A line below contains "送 料:采用四排尖齿链条输送", and a later one contains "- MamiPoin: Pay". Repeat both, with every line between them, exactly.

══ DATA

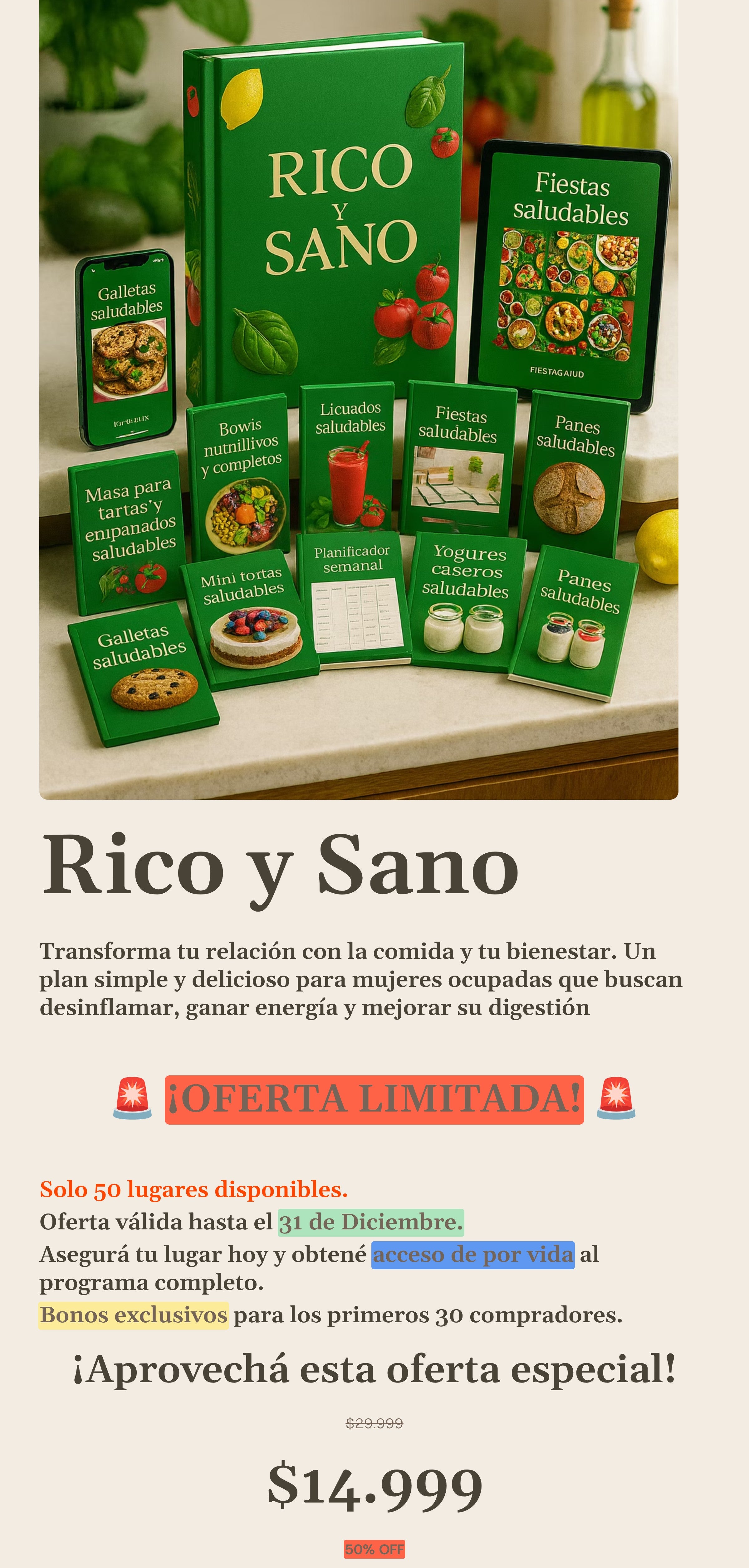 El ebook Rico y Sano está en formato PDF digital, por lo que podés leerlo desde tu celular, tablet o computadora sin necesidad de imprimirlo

════
══ DATA

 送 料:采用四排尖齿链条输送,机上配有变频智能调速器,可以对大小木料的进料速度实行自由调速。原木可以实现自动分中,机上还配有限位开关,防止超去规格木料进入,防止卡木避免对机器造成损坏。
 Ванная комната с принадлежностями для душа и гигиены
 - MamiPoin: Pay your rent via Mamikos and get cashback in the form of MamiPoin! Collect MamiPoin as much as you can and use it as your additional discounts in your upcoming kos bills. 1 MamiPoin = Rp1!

════

[THE COMPLETED TASK]
 送 料:采用四排尖齿链条输送,机上配有变频智能调速器,可以对大小木料的进料速度实行自由调速。原木可以实现自动分中,机上还配有限位开关,防止超去规格木料进入,防止卡木避免对机器造成损坏。
 Ванная комната с принадлежностями для душа и гигиены
 - MamiPoin: Pay your rent via Mamikos and get cashback in the form of MamiPoin! Collect MamiPoin as much as you can and use it as your additional discounts in your upcoming kos bills. 1 MamiPoin = Rp1!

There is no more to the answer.